*Exercise:* Without including the pictures, copy out every line below.

[Data records]
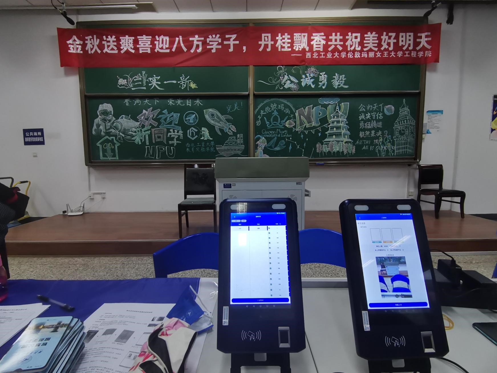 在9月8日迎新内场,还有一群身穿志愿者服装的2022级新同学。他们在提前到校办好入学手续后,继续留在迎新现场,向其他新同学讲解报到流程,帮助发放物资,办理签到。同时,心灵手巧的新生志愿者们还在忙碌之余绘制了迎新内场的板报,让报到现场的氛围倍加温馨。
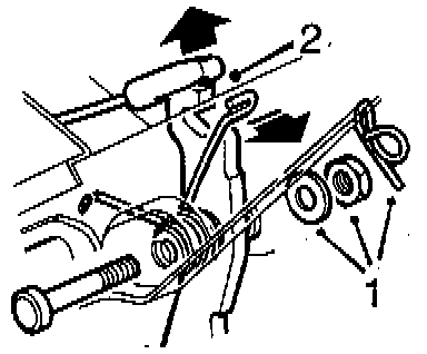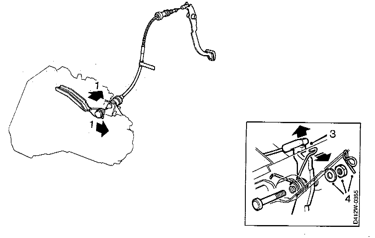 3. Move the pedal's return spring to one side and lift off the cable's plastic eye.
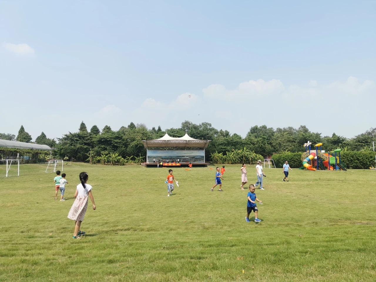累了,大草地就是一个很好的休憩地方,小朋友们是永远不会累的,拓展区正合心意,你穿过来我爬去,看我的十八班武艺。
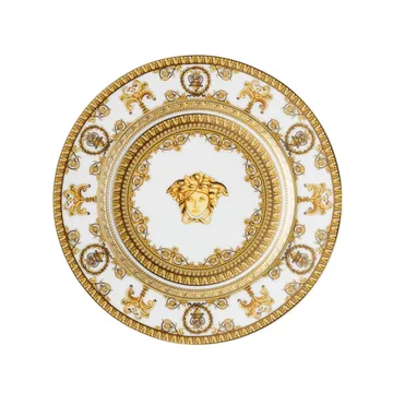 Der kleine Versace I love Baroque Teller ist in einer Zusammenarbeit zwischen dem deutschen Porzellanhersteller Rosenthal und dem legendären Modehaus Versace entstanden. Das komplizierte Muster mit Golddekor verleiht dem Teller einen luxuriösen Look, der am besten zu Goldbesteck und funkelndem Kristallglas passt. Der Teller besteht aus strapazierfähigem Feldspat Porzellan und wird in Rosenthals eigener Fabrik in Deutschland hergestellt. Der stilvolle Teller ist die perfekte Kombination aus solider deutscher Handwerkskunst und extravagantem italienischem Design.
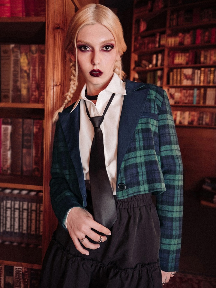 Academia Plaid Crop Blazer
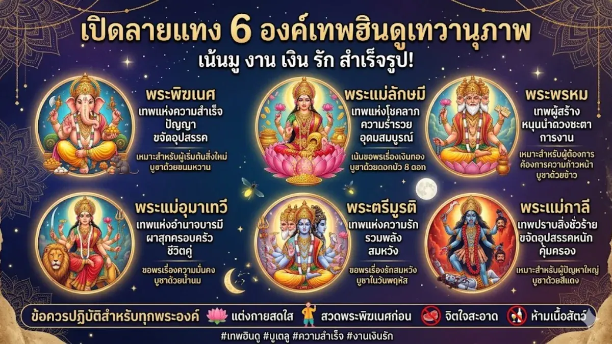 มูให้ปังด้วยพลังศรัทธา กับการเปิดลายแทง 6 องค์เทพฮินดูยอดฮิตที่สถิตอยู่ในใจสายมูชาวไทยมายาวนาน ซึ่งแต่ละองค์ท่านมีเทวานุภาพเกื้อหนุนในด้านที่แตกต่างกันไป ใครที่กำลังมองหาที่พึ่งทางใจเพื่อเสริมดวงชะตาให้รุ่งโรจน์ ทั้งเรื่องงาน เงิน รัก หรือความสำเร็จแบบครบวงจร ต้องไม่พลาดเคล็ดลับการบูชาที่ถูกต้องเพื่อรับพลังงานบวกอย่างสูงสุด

*Solution:*
 在9月8日迎新内场,还有一群身穿志愿者服装的2022级新同学。他们在提前到校办好入学手续后,继续留在迎新现场,向其他新同学讲解报到流程,帮助发放物资,办理签到。同时,心灵手巧的新生志愿者们还在忙碌之余绘制了迎新内场的板报,让报到现场的氛围倍加温馨。
 3. Move the pedal's return spring to one side and lift off the cable's plastic eye.
累了,大草地就是一个很好的休憩地方,小朋友们是永远不会累的,拓展区正合心意,你穿过来我爬去,看我的十八班武艺。
 Der kleine Versace I love Baroque Teller ist in einer Zusammenarbeit zwischen dem deutschen Porzellanhersteller Rosenthal und dem legendären Modehaus Versace entstanden. Das komplizierte Muster mit Golddekor verleiht dem Teller einen luxuriösen Look, der am besten zu Goldbesteck und funkelndem Kristallglas passt. Der Teller besteht aus strapazierfähigem Feldspat Porzellan und wird in Rosenthals eigener Fabrik in Deutschland hergestellt. Der stilvolle Teller ist die perfekte Kombination aus solider deutscher Handwerkskunst und extravagantem italienischem Design.
 Academia Plaid Crop Blazer
 มูให้ปังด้วยพลังศรัทธา กับการเปิดลายแทง 6 องค์เทพฮินดูยอดฮิตที่สถิตอยู่ในใจสายมูชาวไทยมายาวนาน ซึ่งแต่ละองค์ท่านมีเทวานุภาพเกื้อหนุนในด้านที่แตกต่างกันไป ใครที่กำลังมองหาที่พึ่งทางใจเพื่อเสริมดวงชะตาให้รุ่งโรจน์ ทั้งเรื่องงาน เงิน รัก หรือความสำเร็จแบบครบวงจร ต้องไม่พลาดเคล็ดลับการบูชาที่ถูกต้องเพื่อรับพลังงานบวกอย่างสูงสุด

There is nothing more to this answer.